_Instructions for the task_
Starting with the line that has "在財報報表中,東陽浩瀚201" in the records below and ending with the line that has "코리아타임뉴스 김태훈 기자", output those lines exactly and nothing more; omit the pictures.

*** Source information Section Begins ***

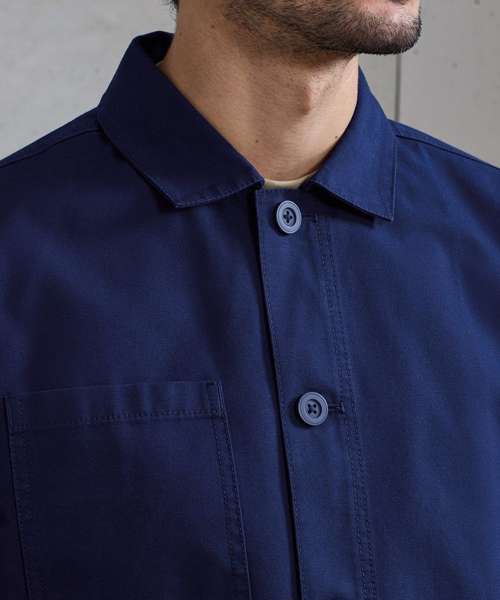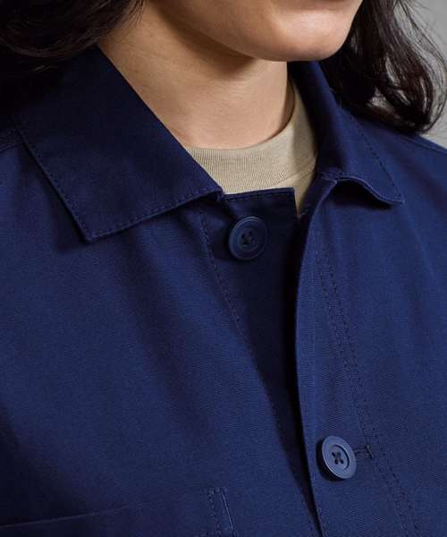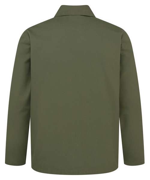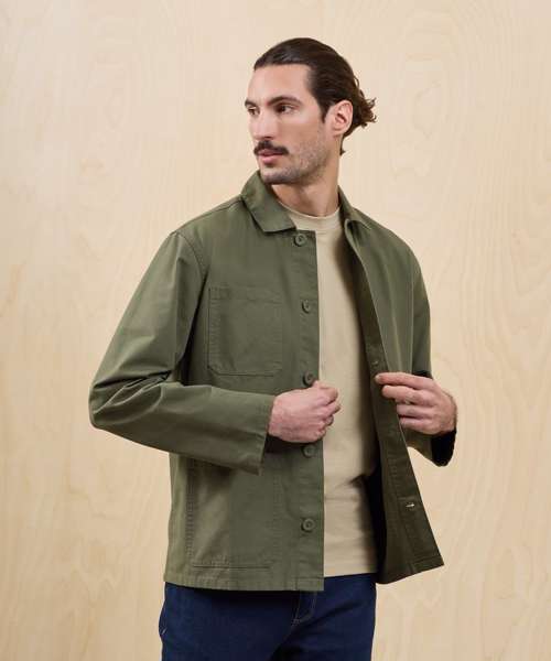 Classic chore jacket with self-coloured button fastening, offering a fadeless finish that locks in colour for 20+ washes. Durable canvas fabric with a soft feel. Stitched placket with twin-needle stitching throughout. Set-in sleeves. Right chest mitred patch pocket. Two lower mitred patch pockets. Straight hemline. Loop on the inner neckband for hanging up. Contains certified recycled polyester. Washable to 60°C.
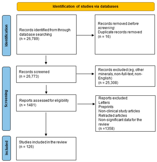 - Wang, P.; Chen, B.; Han, Y.; Li, J.; Cao, D.; Chen, Z.; Li, J.; Ran, B.; Yang, J.; Wang, R.; et al. Selenium intake and multiple health-related outcomes: An umbrella review of meta-analyses. Front. Nutr. 2023, 10, 1263853. [Google Scholar] [CrossRef]
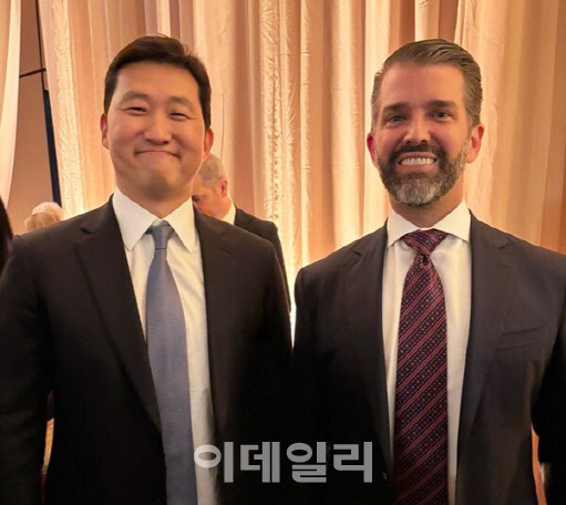 올해 1월 미국 워싱턴D.C에서 열린 도널드 트럼프 대통령 비공개 리셉션장에서 김범석(좌) 쿠팡Inc 의장이 도널드 존 트럼프 주니어와 기념촬영을 하고 있다(사진=연합뉴스) |
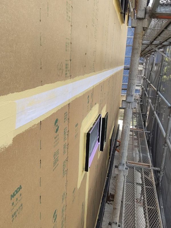 前置きが長くなってしまいました。NA様邸の施工レポートに戻ります。下の写真は、下地材と下地材の継ぎ目と、下地材と窓サッシの継ぎ目部分の隙間をなくすための作業の様子です。
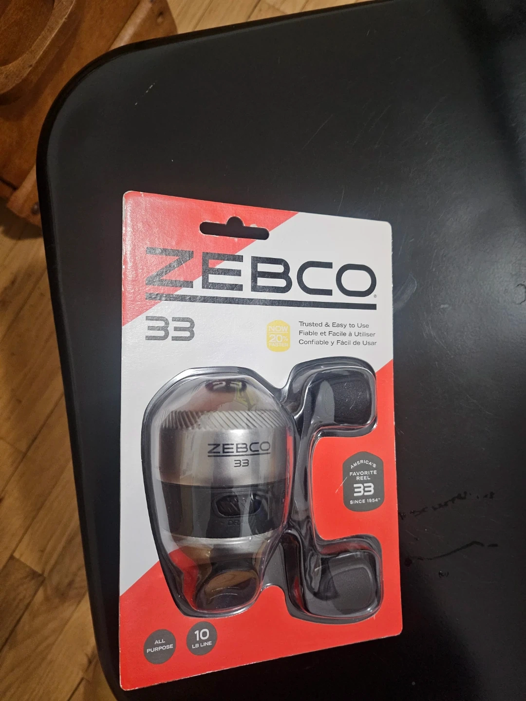 Zebco 33 spincast reel New on Card Features all-metal gears and a ball bearing system. Built-in Bite Alert. Pre-spooled with 10 lb Zebco line. "America's Favorite Reel" since 1954!
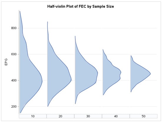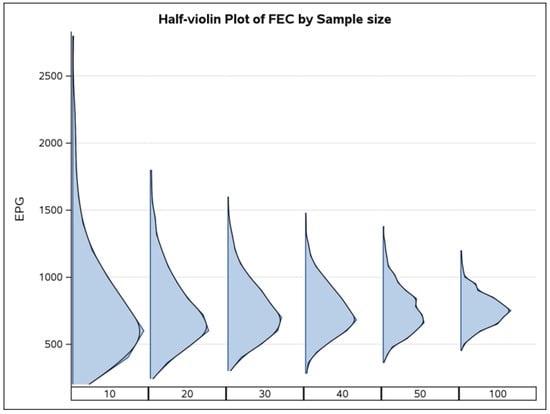 Figure 5 presents a half-violin plot of sampling in a plausible scenario using options that produce low precision in the estimated mean. The options were k = 0.5, a sample size of 10, 20, 30, 40, 50 or 100 individuals from a simulated flock of 1000 individuals and a mean egg count of 750 eggs per gram. The means and standard deviations for the distribution of mean egg counts from samples of 10, 20, 30, 40, 50 or 100 individuals were 736.1 ± 388.2, 756.0 ± 276.5, 742.8 ± 212.2, 745.8 ± 188.4, 749.2 ± 163.5 and 749.2 ± 114.4. The sample means were clustered around 750, indicating that the means were not systematically biased. The standard deviations were quite large but fell from 388 to 114 as the sample size increased from 10 to 100 individuals per sample. The Shapiro–Wilk test showed that the observed distribution of means was significantly different from a normal distribution for all sample sizes from 10 to 100 (p< 0.01). The distribution was markedly right skewed mean for a sample size of 10, but the skewness decreased as the sample size increased. One consequence of the pronounced right skew with sample sizes of 10 individuals is that most estimates of the mean will fall below the flock mean. The mode of the distribution was only 525 eggs per gram, while a small number of means overestimated the flock mean. The estimated flock mean egg counts ranged from 80 to 3010 eggs per gram.
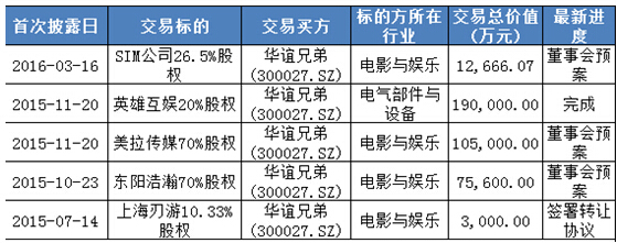 在財報報表中,東陽浩瀚2015年凈利潤5111.82萬元、東陽美拉2015年凈利潤4602.67萬元。華誼兄弟的收購之路還遠遠沒有停止,就在3月28日,華誼兄弟在表示,公司投資了暴風魔鏡、圣威特等VR公司。華誼兄弟這樣不計成本的收購行為像是一場賭博,如此“大方”的手筆,讓不少投資者心存質疑。
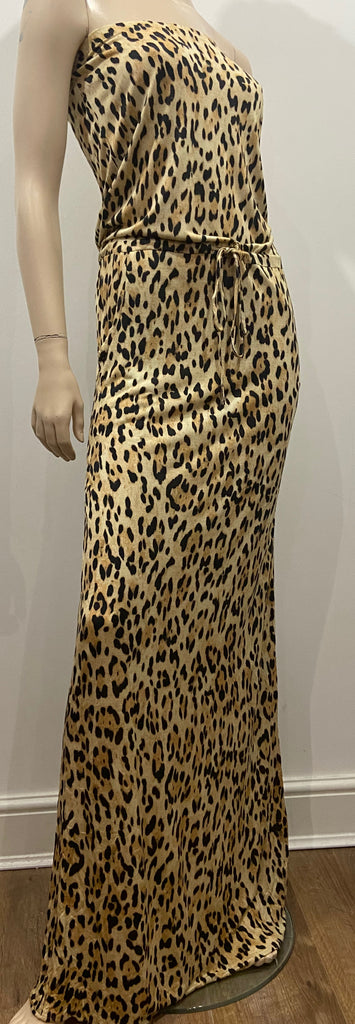 MELISSA ODABASH Beige Black Modal Leopard Animal Print Long Length Maxi Dress M
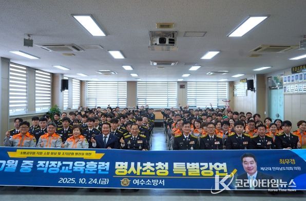코리아타임뉴스 김태훈 기자 | 여수소방서(서장 서승호)는 10월 24일 본서에서 전 직원 및 의용소방대원을 대상으로 청렴·소통 강화 및 전기차 화재대응 특별교육, 명사 초청 공직자 교육을 실시했다.
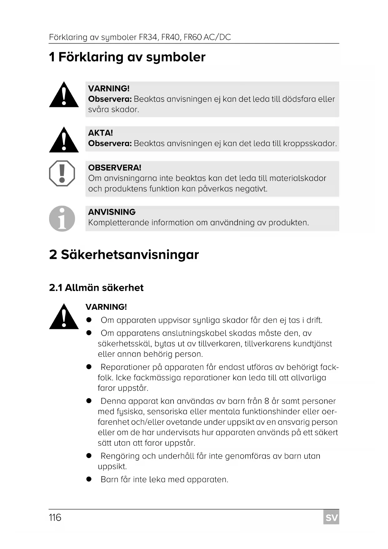 VARNING! Om apparaten uppvisar synliga skador får den ej tas i drift. Om apparatens anslutningskabel skadas måste den, av säkerhetsskäl, bytas ut av tillverkaren, tillverkarens kundtjänst eller annan behörig person. Reparationer på apparaten får endast utföras av behörigt fack- folk. Icke fackmässiga reparationer kan leda till att allvarliga faror uppstår. Denna apparat kan användas av barn från 8 år samt personer med fysiska, sensoriska eller mentala funktionshinder eller oer- farenhet och/eller ovetande under uppsikt av en ansvarig person eller om de har undervisats hur apparaten används på ett säkert sätt utan att faror uppstår. Rengöring och underhåll får inte genomföras av barn utan uppsikt. Barn får inte leka med apparaten. VARNING! Observera: Beaktas anvisningen ej kan det leda till dödsfara eller svåra skador. AKTA! Observera: Beaktas anvisningen ej kan det leda till kroppsskador. OBSERVERA! Om anvisningarna inte beaktas kan det leda till materialskador och produktens funktion kan påverkas negativt. ANVISNING Kompletterande information om användning av produkten. FR34-FR40-FR60--O-16s.book Seite 116 Donnerstag, 19. Juli 2018 3:22 15SV FR34, FR40, FR60 AC/DC Säkerhetsanvisningar
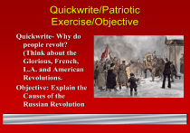 Quickwrite/Patriotic Exercise/Objective Quickwrite- Why do people revolt? (Think about the Glorious, French, L.A. and American Revolutions. Objective: Explain the Causes of the Russian Revolution Extra Credit Could your grade use a boost? Are you a kinesthetic learner? Can you dance? If you answered yes to the questions above, then consider this! Russian Revolution People tired of the extravagance of the Czars While living in squalor Causes of the Russian Revolution World War I Domestic (at home) issues INVOLVEMENT IN WWI Russia had entered WWI unwillingly Czar takes direct command of army (leaves the country in his wife’s hands) Huge casualties, deserters, and issues back home force Russia out Treaty of Brest-Litovsk. Nicholas blamed for the war AND the issues at home… such as: Issues at home Failure to modernize left millions in serfdom. Food shortages: – High inflation meant people couldn’t afford food. – Lack of transportation (trains) Industrial Revolution Issues (i.e. low wages, unsafe conditions, etc) Lower class suffering! Lack of any representation – monarchy Many inspired by Socialist ideas of Karl Marx (Russian Bolsheviks) Review Turn to a partner and explain which of the issues at home you think was the most important. You have two minutes to share. “It is a job I have feared all my life.” Nicholas Romanov Last of the Romanovs Reluctant czar Family man (wife - grand daughter of Queen Victoria) First job of royal family – have a male heir. Successful? They finally have a boy but he is afflicted with hemophilia Quickwrite Quickwrite- What were the causes of the Russian Revolution? Objective- What are the causes of the Russian Revolution (Problems at homeRasputin and March Rev.) Rasputin- The Holy Healer A healer is hired to cure the boy. Tsarina Alexandra is ruling on the advice of Rasputin while Nicholas is at war. Russians question his intent. – Although able to soothe the heir, – Wild behavior and his influence with the czarina will lead to his removal – Many feel that his death would end some of Russia’s problems. But killing him would not be easy!!! There lived a certain man in Russia long ago (Spoken:) He was big and strong, in his eyes a flaming But when his drinking and lusting and his hunger glow for power became known to more and more Most people looked at him with terror and with people, fear the demands to do something about this But to Moscow chicks he was such a lovely outrageous dear man became louder and louder. He could preach the bible like a preacher "This man's just got to go!" declared his enemies Full of ecstasy and fire But the ladies begged "Don't you try to do it, But he also was the kind of teacher please" Women would desire RA RA RASPUTIN Lover of the Russian queen There was a cat that really was gone RA RA RASPUTIN Russia's greatest love machine It was a shame how he carried on He ruled the Russian land and never mind the czar But the kasachok he danced really wunderbar In all affairs of state he was the man to please But he was real great when he had a girl to squeeze For the queen he was no wheeler dealer Though she'd heard the things he'd done She believed he was a holy healer Who would heal her son No doubt this Rasputin had lots of hidden charms Though he was a brute they just fell into his arms Then one night some men of higher standing Set a trap, they're not to blame "Come to visit us" they kept demanding And he really came RA RA RASPUTIN Lover of the Russian queen They put some poison into his wine RA RA RASPUTIN Russia's greatest love machine He drank it all and he said "I feel fine" RA RA RASPUTIN Lover of the Russian queen They didn't quit, they wanted his head RA RA RASPUTIN Russia's greatest love machine And so they shot him till he was dead (Spoken:) Oh, those Russians... Czar Abdicates Czar N. returns and is forced to step down. A temporary democratic government (the Duma) is put in place. Under house arrest Monarchy Absolutism Provisional democratic 1st Revolution Radical Bolsheviks Liberal Moderate Duma Conservative Reactionary Czar Provisional Govt - Duma Govt chooses to CONTINUE in WWI! – More dead soldiers. – No changes for the common people (no food, land, etc) Although Democratic, still much civil unrest. What could/should Russia do? Turn to a different partner than last time, and explain what the Russian options might be. Quickwrite Why was Rasputin important to the Russian Revolution? Today’s Objective: What were the causes and course of the Russian Revolution (November Rev. and Lenin). Rise of the Bolsheviks Means “Majority” Russian Socialist labor party Opponents of “nation of Russia” as well as the Orthodox church. Wanted a Socialist nation run by workers and soldiers, NOT an assembly. IT’S A COUP- Trotsky’s “red army” revolts, ending the DUMA. – Duma doesn’t fightBLOODLESS revolution Lenin seized power with Trotsky and Josef Stalin by his side. (NEW PLAYERS) November Revolution or was it October Bolsheviks- Lenin, Trotsky, Stalin First 2 acts: 1. They end Russian involvement in WWI. 2. Give peasants land. “private ownership shall be abolished forever”. Monarchy Communist Absolutism Totalitarian dictatorship 2nd Revolution Provisional democratic 1st Revolution Radical Bolsheviks Liberal Moderate Duma Conservative Reactionary Czar Vladimir Lenin Russian revolutionary Leader of the Bolshevik party 1st Premier of new Soviet Union Founder of the Communism in Russia. Civil War A war between 2 factions in Russia ensues: – the Reds (Bolsheviks) – the Whites (czar supporters) » West backs Czar-Bad! Lasts for 3 years! Romanovs moved from Moscow in fear that they will be restored to power- house arrest. “We will not surrender” to the Czarist forces. What to do with the family now? The Czar and his family were moved to a place called the “House of Special Purpose” “In view of the fact that your relatives continue their offensive against Soviet Russia, the Presidiu
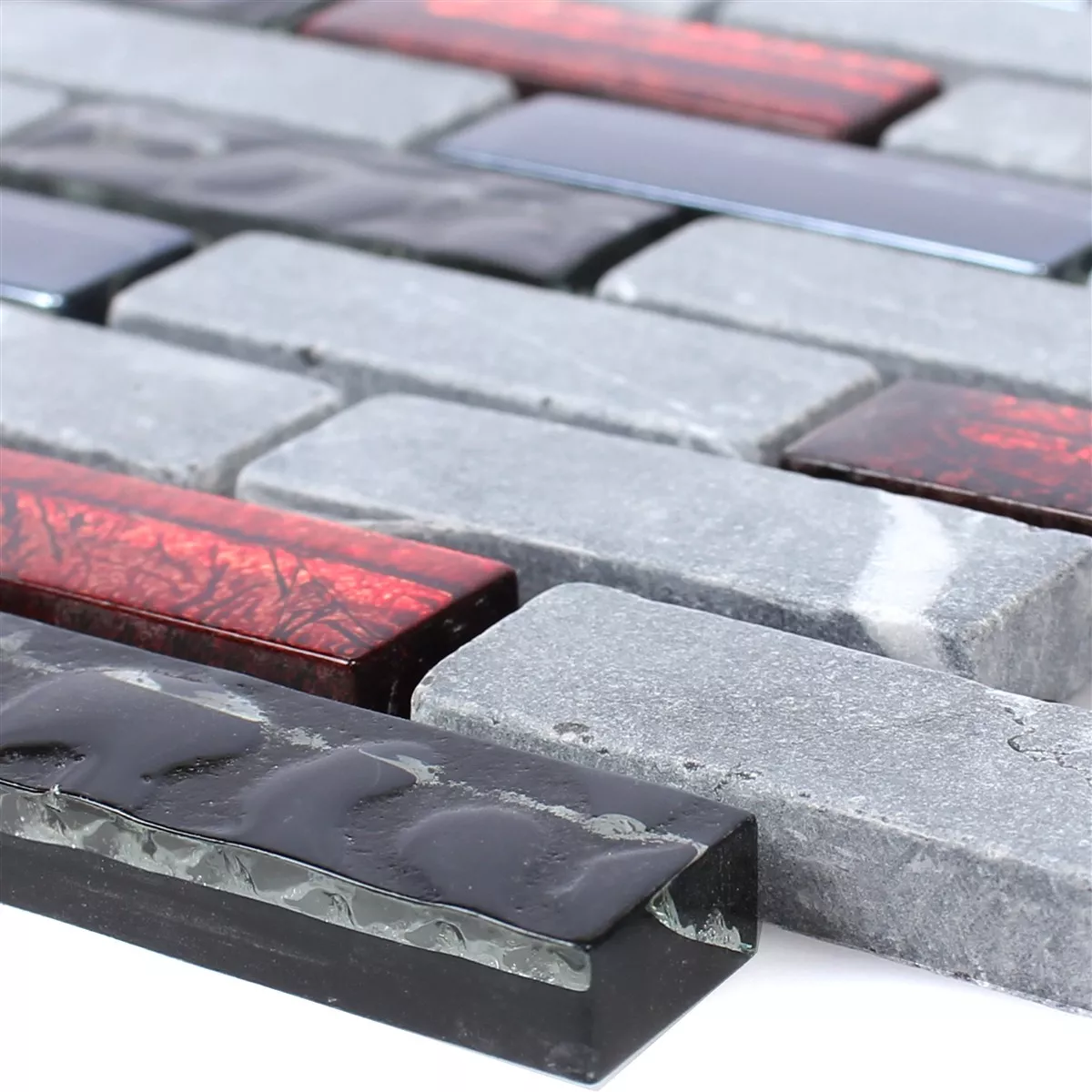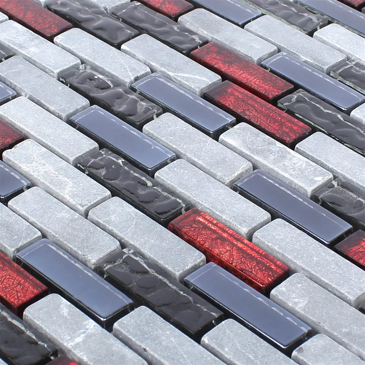 Model din Mozaic De Sticlă Placi De Piatra Naturala Marley Negru Roșu Gri
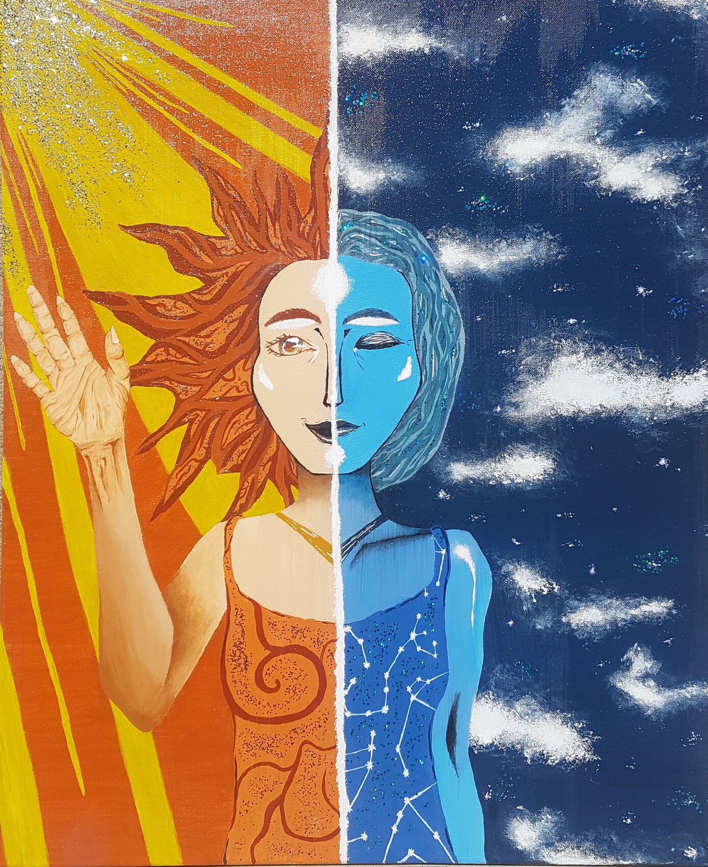 Chacun possède plusieurs personnalitées. Un jour heureux et chaleureux, et une nuit calme et paisible. Toile 57× 67 Acrylique + pailettes de couleurs

*** Source information Section Ends ***

_Written answer_
 在財報報表中,東陽浩瀚2015年凈利潤5111.82萬元、東陽美拉2015年凈利潤4602.67萬元。華誼兄弟的收購之路還遠遠沒有停止,就在3月28日,華誼兄弟在表示,公司投資了暴風魔鏡、圣威特等VR公司。華誼兄弟這樣不計成本的收購行為像是一場賭博,如此“大方”的手筆,讓不少投資者心存質疑。
 MELISSA ODABASH Beige Black Modal Leopard Animal Print Long Length Maxi Dress M
코리아타임뉴스 김태훈 기자 | 여수소방서(서장 서승호)는 10월 24일 본서에서 전 직원 및 의용소방대원을 대상으로 청렴·소통 강화 및 전기차 화재대응 특별교육, 명사 초청 공직자 교육을 실시했다.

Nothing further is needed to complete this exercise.